In today's sports law column: Kris Humphries, Jose Canseco, and Todd Hoffner.

Ed. note: This new column is about sports and the law. You can read the introductory installment here.

It wasn’t until law school that I realized adult life was one long series of birthday dinners. There was one every week it seemed. And at one birthday dinner in particular, I gave a speech that would haunt me for the rest of my law school career. Like an STD.

It was somebody’s birthday and we were eating Mexican food. And I was stationed at one end of the extra-long tables near a few friends and acquaintances.
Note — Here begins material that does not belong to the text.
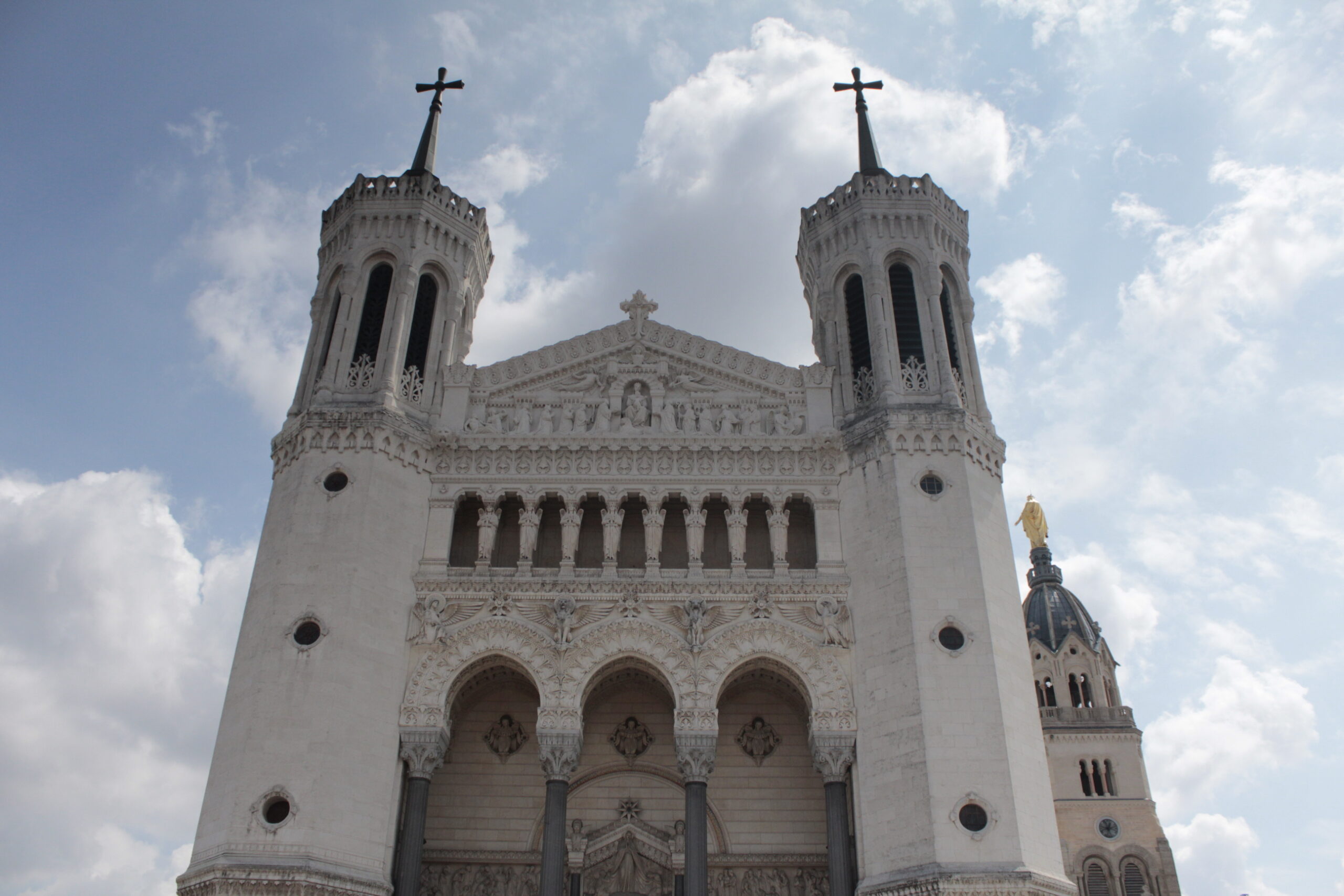 E por quê ela tem o ‘Fourvière’? A expressão em francês significa “Nossa Senhora de Fourvière”. Assim como aqui no Brasil temos Nossa Senhora Aparecida, Nossa Senhora do Carmo, Nossa Senhora de Fátima e assim por diante. Fourvière é o morro no qual a Igreja foi construída. A Igreja de Paris, de estilo arquitetônico gótico teve sua construção entre os anos 1163 até 1345. Já a de Lyon foi construída entre 1872 e 1884 em homenagem à Virgem Maria, e desde 1998 é considerada patrimônio cultural da Unesco.

Several beers into the meal, I loudly steered the conversation towards a discussion of herpes. I’m not really sure why I did this. I think I had read something on the intertubes that day. At any rate, I told my end of the table that herpes was way more commonplace than they thought, and that the effect of the disease was far less dire than they thought. That, sure, some cases were worse than others, but that the puritanical myth-makers in our culture had convinced us that it was worse than death. Which it wasn’t. I was in high dudgeon, my friends. The floor was mine, and I was taking no prisoners in my attack on what I had deemed a cultural sex libel. “I’m telling you, ladies and germs. Herpes is NOT THAT BIG A DEAL!”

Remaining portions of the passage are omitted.